In the present work, the thermal conductivity (TC) of hexagonal structures of boron nitride and borophene was investigated by a reactive molecular dynamics (MD) simulation. Also, to figure out the effect of the boron and nitrogen in the hexagonal structure, five other hypothetical structures were created (in addition to the structure of boron nitride and borophene) and their structures were represented by the symbol B x N y , where x refers to the number of boron atoms and y refers to the number of nitrogen atoms. In this regard, B 6 N 0 refers to borophene, B 3 N 3 is boron nitride, and B 0 N 6 is called nitrophene. The TC of B 6 N 0 and B 3 N 3 structures was calculated and compared with the literature values. Besides these two compounds, the five other structures have not been experimentally synthesized yet, so the TC of the five other hypothetical structures were predicted in the present work.
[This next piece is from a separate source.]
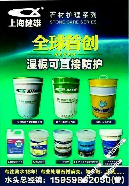 發(fā)布信息: 需要做防水的找我哦!主營(yíng):水性防水劑,油性防護(hù)劑(濕板直接防水,質(zhì)量超級(jí)好?。◢弾r除銹劑(超級(jí)好用,不會(huì)再反銹),大理石除黃劑,花崗巖增色增艷劑!水斑劑等等!咨詢(xún)電話(huà)??15959862050
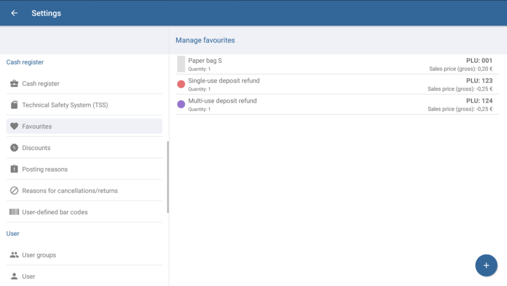 In the cashier view of JTL-POS you can use the quick access function to view your favourites. All favourites are displayed in this dialogue box. You can then add them to the current receipt with a single tap.

The lowest TC belonged to B 3 N 3 , and the highest one was for B 0 N 6 . Based on the inherent potential of reactive MD simulation, during TC calculation, atoms' coordination and partial charges are changed and new bonds, rings, or even defects were automatically created on the surfaces. The coordination contour map showed that in B 3 N 3 , the atoms have collective movements like a large and single wave, while B 0 N 6 and B 6 N 0 have small group movements as vibrations. So, it became clear that the higher stability of structures caused more curved movements. In addition, the contour map of partial charges is calculated, and the results showed that the high differences in partial charge between atoms in the structure cause high TC, while small charge differences in the structure inhibit heat transfer and cause lower TC.